In their heart of hearts I'm sure most people wish God would stop interfering in politics. Pres. Bush refers to God's helping hand in making war in the Middle East, which is derided by those who don't talk to God regularly. But God is invoked in every war by both sides. It would be a cheap shot to point at Bush, or born-agains in general. God keeps making contact, and he's politically broad-minded. The New Age book "Conversations With God" has been a mega-bestseller, and Al Gore, along with thousands of other believing Christians who have no affiliation with fundamentalism, is guided by WWJD--What Would Jesus Do?--when confronted with dilemmas of importance. Praying for divine guidance is a time-honored tradition that touches almost everyone in a wrenching crisis.
Our society couldn't be more different from traditional Muslim society, but we have in common that people in both places want to know what God thinks. They yearn for the voice of absolute authority. Fundamentalist Muslims share this yearning with their Jewish counterparts in Israel. This has resulted in the sad spectacle of competing Gods and religious hatred fueled by the delusion that God belongs only to one sect--the one you were born into, or born again into.
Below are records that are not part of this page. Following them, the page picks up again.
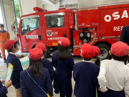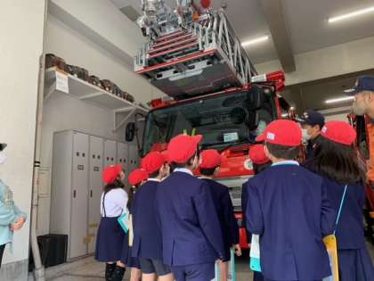 社会科で学習した消防署内の設備や車両を見学し、消防士の方々がどんな仕事をどんな思いで行っているのか聞きました。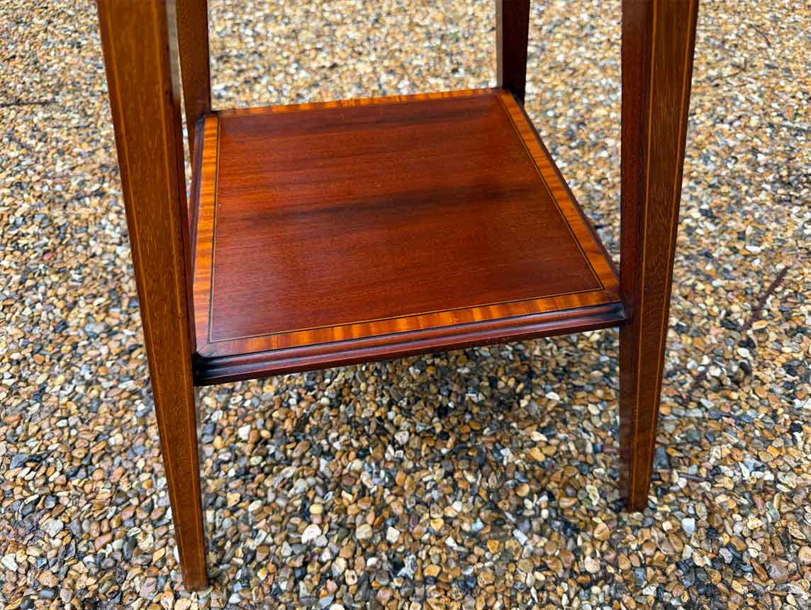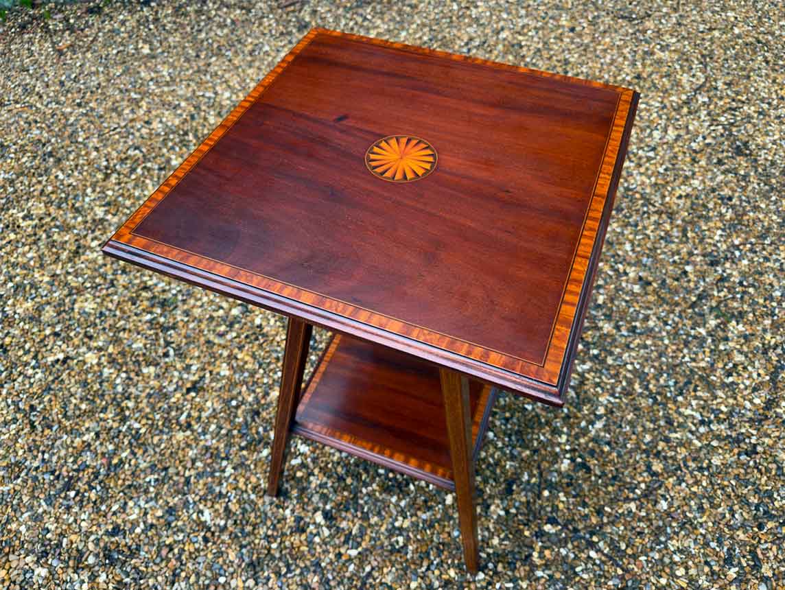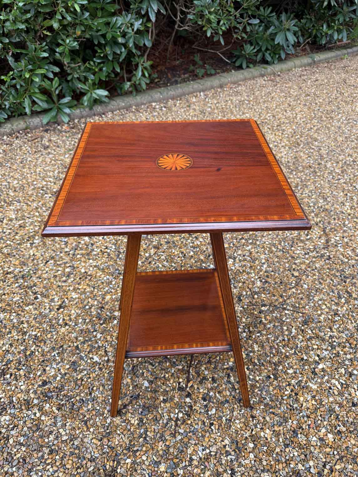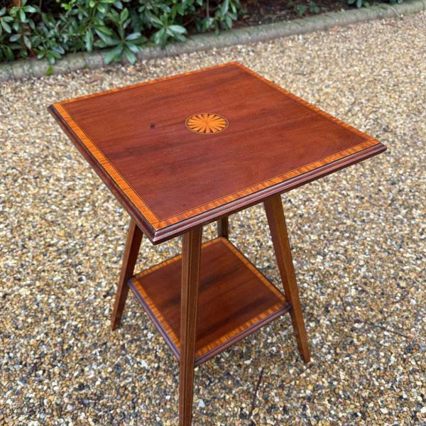 A very attractive small Edwardian Mahogany Square Occasional Table with inlaid decoration throughout and lower shelf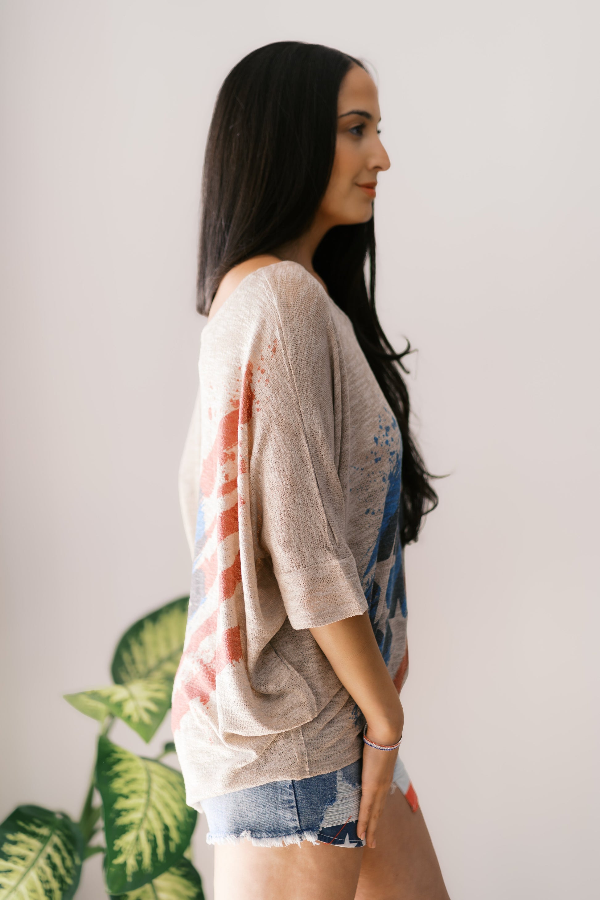 Get ready to show off your patriotic side with our Star-Spangled Top! Made with a soft fabric, this V neck top boasts a knit American flag design that is perfect for casual, everyday wear. So go ahead, make your outfit pop with this playful and comfy top! 🇺🇸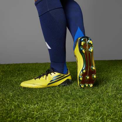 Celebrate speed boot royalty in these limited-collection F50 soccer cleats. Underneath bold branding swiped from the iconic 2010 F50 Adizero, they have a thoroughly modern Fibertouch upper and adidas PRIMEKNIT collar. A Sprintframe 360 outsole ensures they eat up dry grass pitches like their groundbreaking predecessor. Special insole details add their own tribute to an adidas legend.This product features at least 20% recycled materials. By reusing materials that have already been created, we help to reduce waste and our reliance on finite resources and reduce the footprint of the products we make.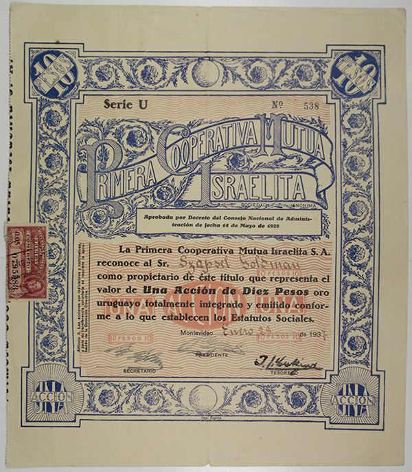Israel/Uruguay. 10 Peso Gold Shares I/U Series U Stock Certificate, Black print on blue border with red underprint with revenue stamp at left, Printed in Spanish, Ornate title at top, VF-XF condition. The New Jewish Congregation was founded in 1936 mostly by German and Austrian Jews who fled Nazism. It established two synagogues, the big one on Wilson Ferreira Aldunate Street is Conservative, the smaller one was Orthodox. (From the John E. Herzog Collection) (From the John E. Herzog Collection)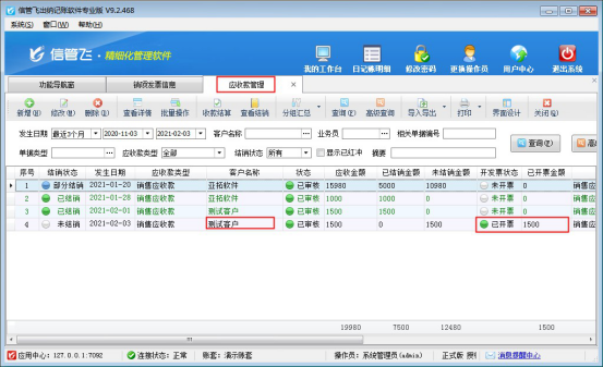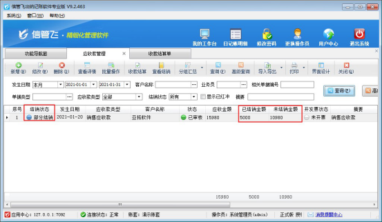 信管飛出納記賬軟件支持登記應(yīng)收應(yīng)付款,應(yīng)收應(yīng)付款存在分批次結(jié)銷情況,本文以“出納記賬軟件應(yīng)收款”為例,示范下如何部分結(jié)銷? 在功能導(dǎo)航窗點(diǎn)擊“往來管理”—》“應(yīng)收款管理”進(jìn)入應(yīng)收款管理界面,在應(yīng)收款管理界面選擇未結(jié)銷的應(yīng)收款,點(diǎn)擊工具欄的“收款結(jié)算”進(jìn)行收款操作,如下圖所示: 選擇示例客戶“亞拓軟件”,應(yīng)收款為15980元,本次收款5000元,選擇應(yīng)收款單據(jù)點(diǎn)擊“收款結(jié)算”,彈出的收款結(jié)算單界面,收款金額輸入5000,點(diǎn)擊“自動分配”分配到本次結(jié)銷金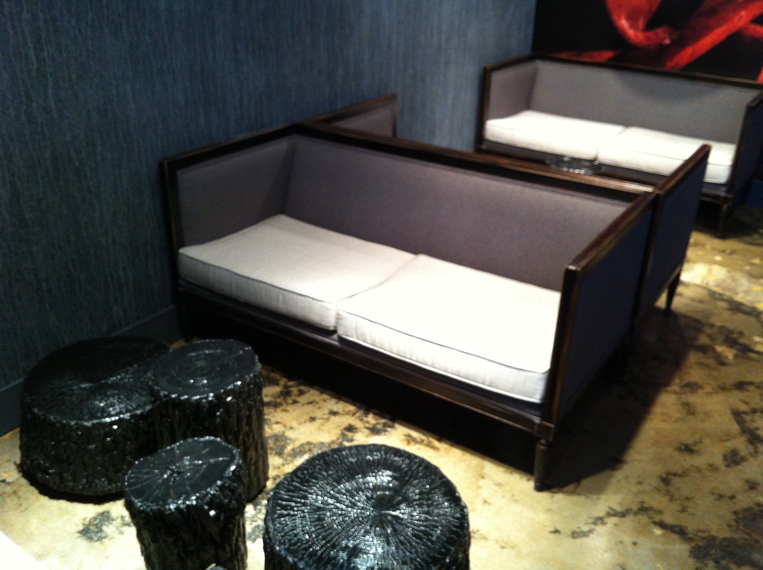 The furnishings are all unique in that some of the light fixtures are recycled salad bowls. Sofas are refreshed from Sutton Place hotel. Bar stools were former wine barrels, and have been recycled into these gorgeous, comfortable seats by Vinoture, based out of Walla Walla, Washington. It’s a small space, but the layout is welcoming, cozy, but not crowded.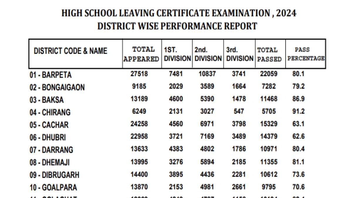 SEBA Assam HSLC 10th Result 2024: Top Performs in These 10 Districts

In a recent post Prof. Susan Smalley says, quite realistically, that no one can "let go" of a belief until the void it would leave behind is filled. One can assert that war, violence, intolerance, and suffering have been inflicted in the name of God. This argument appeals strongly to those who have already "let go" of God. To someone yearning to be close to God, however, faith and revelation are the cause of hope, joy, reassurance, and the solution to fear and loneliness.
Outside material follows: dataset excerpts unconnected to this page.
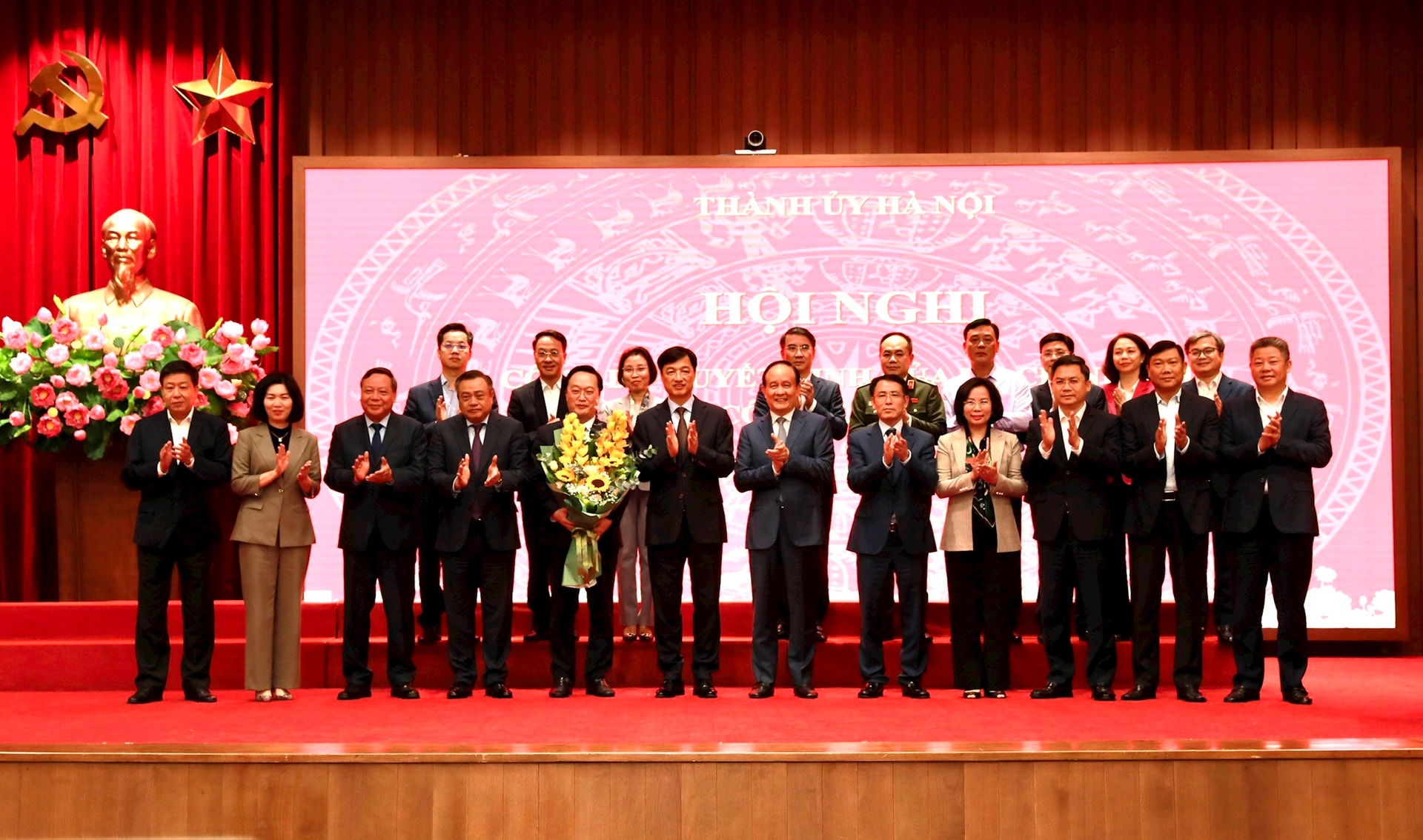 Các đồng chí lãnh đạo thành phố Hà Nội chúc mừng tân Phó Bí thư Thành ủy Hà Nội Nguyễn Đức Trung. Ảnh: Viết Thành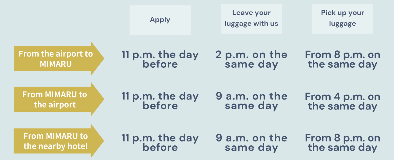We will take care of your luggage the moment you arrive at the airport in Japan and deliver it to your MIMARU.With our service, your Japan trip starts the moment you arrive at the airport.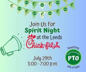 We love our community, and we are so thankful for Chick-fil-A Leeds to support the LPS PTO!Go ahead and ✅ your 🗓️ and ✏️ it in. 10% of sales go back to the LPS PTO. One less night you need to plan dinner! It’s that easy!
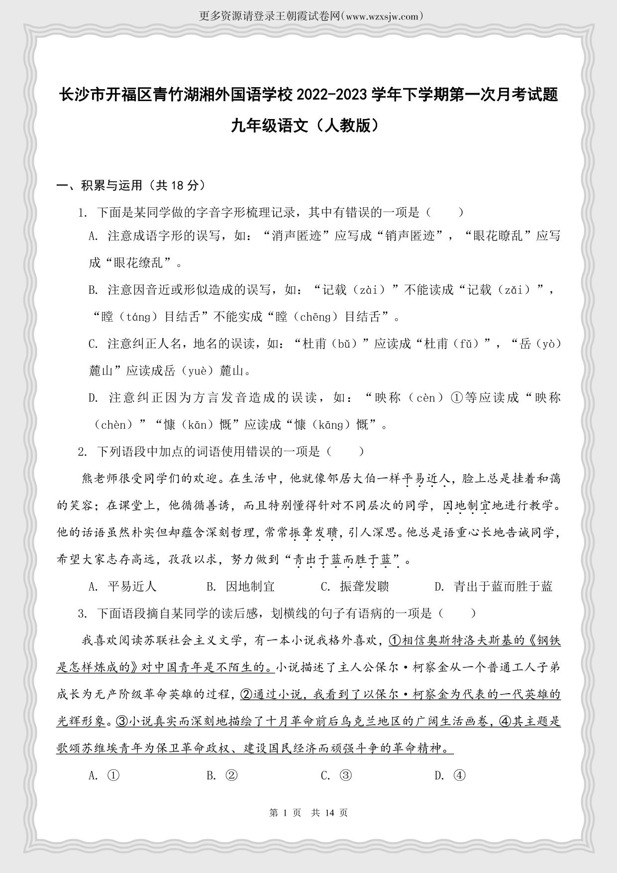 湖南省长沙市开福区青竹湖湘一外国语学校2022-2023学年下学期第一次月考试题九年级语文(人教版)

God won't go away as long as human beings feel afraid and lonely. He might evolve--so one hopes--into something other than a white-bearded authority figure with a taste for vengeance. In moderate denominations that happened a long, long time ago. But modern life couldn't handle a nicer God. Millions of people feel too hollow and afraid, angry and attacked, lonely and disconnected. This phenomenon is called alienation. It was well diagnosed by Marx and Freud, who pointed out that the human psyche suffers terribly when people are yanked out of a connection with Nature, when traditions stop being a safety net, and when dislocation and insecurity are the daily norm.
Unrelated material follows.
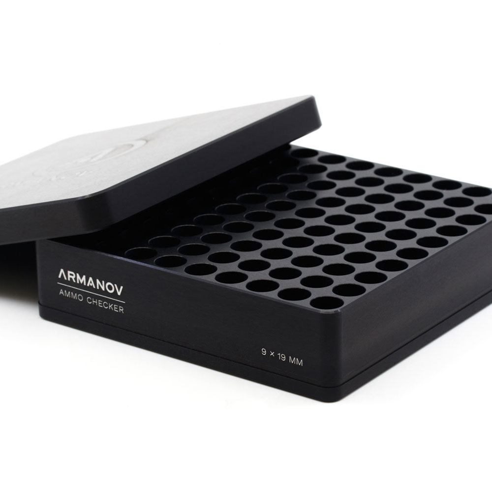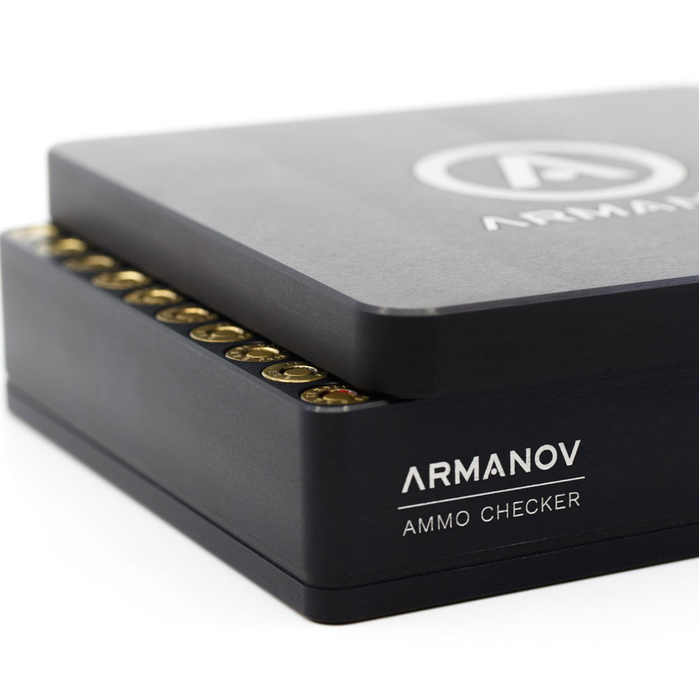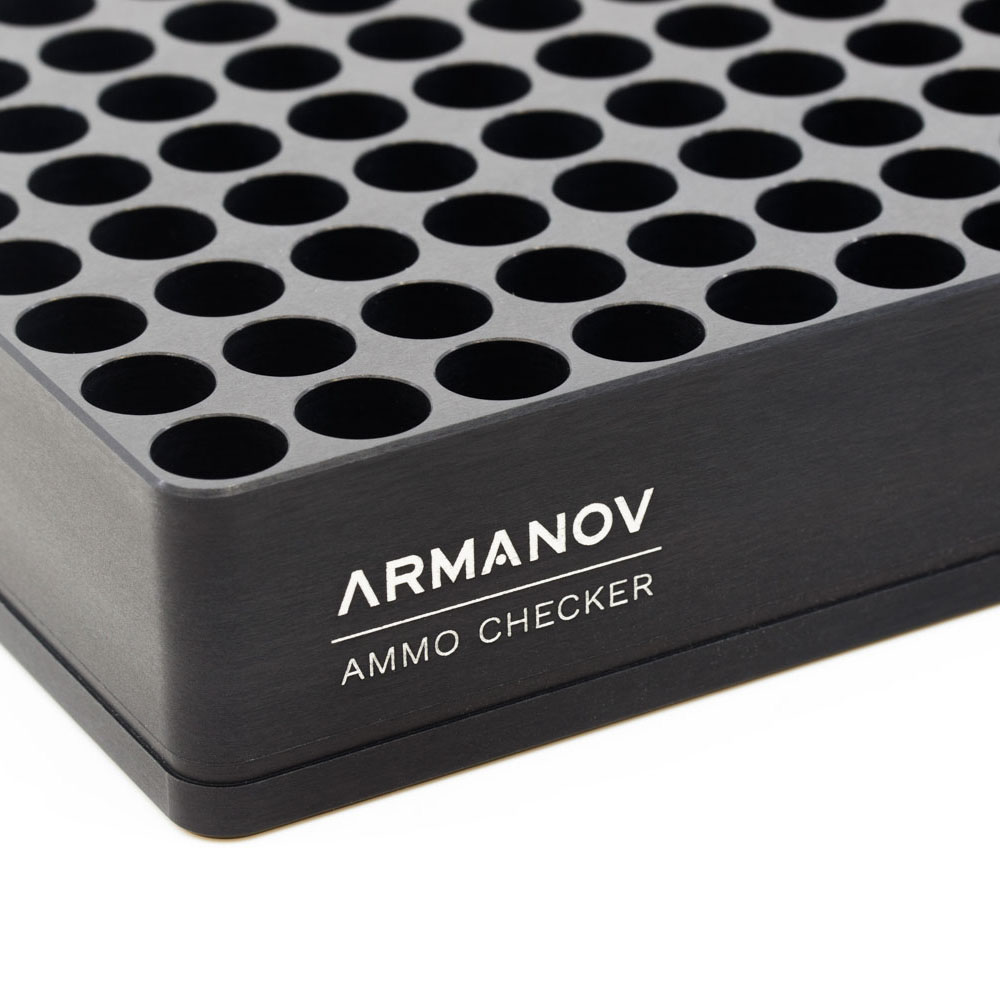 Mange sportskytere lader sin egen ammunisjon, og derfor er det viktig å sjekke ammunisjonen for konsistens, spesielt før konkurranser. Armanov Ammo Checker er maskinert fra aluminium av høyeste kvalitet, med lommer som er ferdigbehandlet ved hjelp av en spesiell reamer laget for strenge CIP-toleranser. Høyden på Gauge Box er presis maskinert til den maksimale totale rundelengden for den respektive kaliber, noe som hjelper med å finne runder med utilstrekkelig setted kuler.

The reason that 87% of people tell pollsters that they never had a doubt about the existence of God isn't rock-ribbed faith. It's fear of the alternative, a cosmos where the void between the stars is small compared to the void left by an absent God. Whatever our beliefs, we all have to fill that void one person at a time. It would be an act of good faith if the religious right could concede that we're all in this together. It would be an equal act of faith if the enemies of the religious right made the same concession.